Approximating branchwidth on parametric extensions of planarity

The \textsl{branchwidth} of a graph has been introduced by Roberson and Seymour as a measure of the tree-decomposability of a graph, alternative to treewidth. Branchwidth is polynomially computable on planar graphs by the celebrated ``Ratcatcher''-algorithm of Seymour and Thomas. We investigate an extension of this algorithm to minor-closed graph classes, further than planar graphs as follows: Let $H_{0}$ be a graph embeddedable in the projective plane and $H_{1}$ be a graph embeddedable in the torus. We prove that every $\{H_{0},H_{1}\}$-minor free graph $G$ contains a subgraph $G'$ where the difference between the branchwidth of $G$ and the branchwidth of $G'$ is bounded by some constant, depending only on $H_{0}$ and $H_{1}$. Moreover, the graph $G'$ admits a tree decomposition where all torsos are planar.

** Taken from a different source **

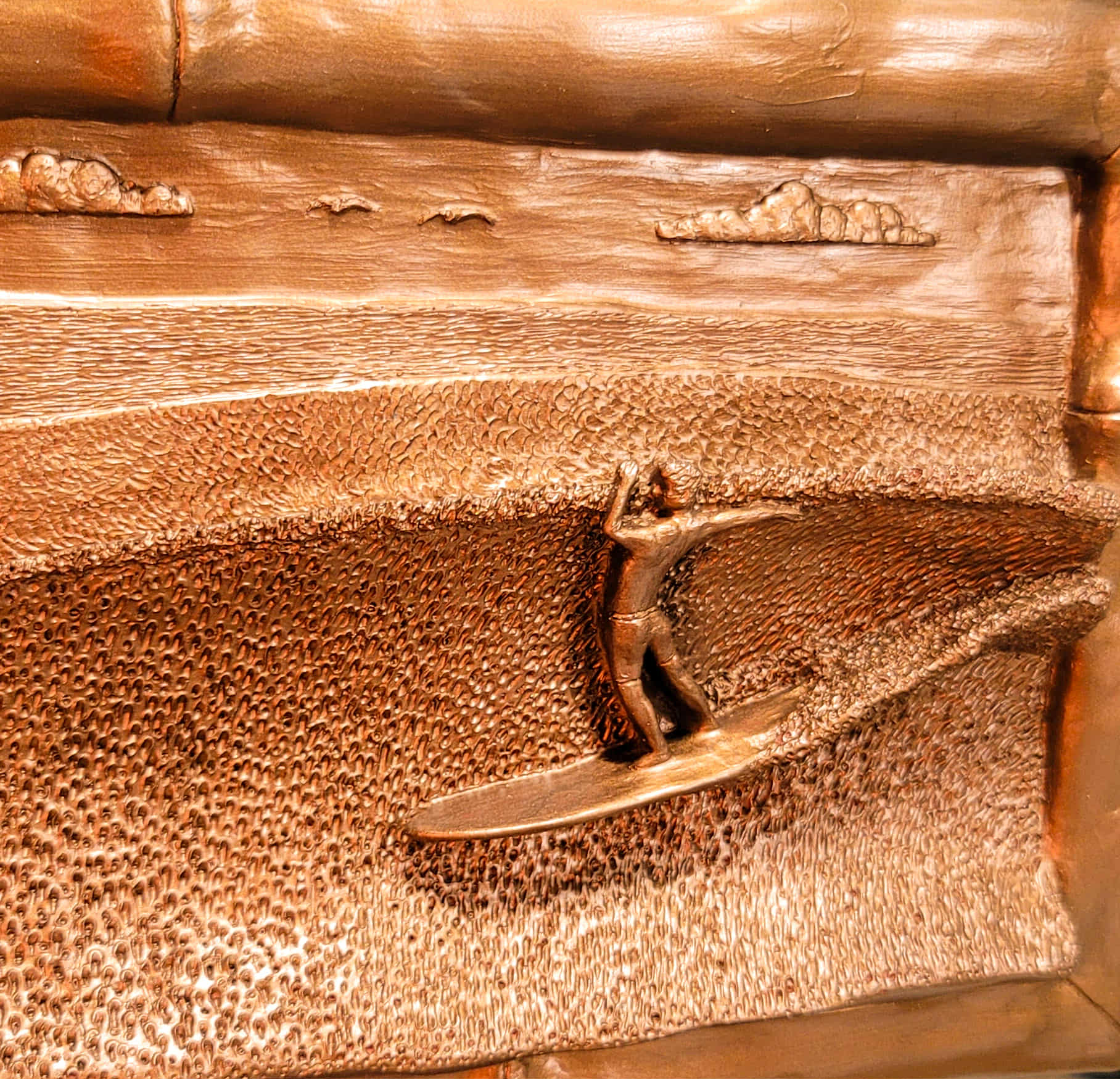 This piece I call "Rincon Soul". This high relief sculpture depicts the classic surf style of the 1960's. This piece is inspired by Kemp Aaberg and his classic Rincon "soul arch". This sculpture was used to create several world class trophies and events. Sculpture is 6" x 8", total height 11". The bamboo border was sculpted into the piece. Has an actual bronze metal coating on the front. Looks exactly like a solid bronze casting at a fraction of the price. Mounted above a custom wood block with Shou Sugi Ban Japanese wood treatment done to it. A wood burning technique that leaves the raised and unique wood grains you see. Satin finish on base. As you can see I have utilized my world class surf trophy designs and skills to produce these. Limited to 100 castings. Each piece is signed and numbered on the back. You also get a signed and numbered Certificate of Authenticity.

This decomposition can be used for deriving an EPTAS for branchwidth: For $\{H_{0},H_{1}\}$-minor free graphs, there is a function $f\colon\mathbb{N}\to\mathbb{N}$ and a $(1+\epsilon)$-approximation algorithm for branchwidth, running in time $\mathcal{O}(n^3+f(\frac{1}{\epsilon})\cdot n),$ for every $\epsilon>0$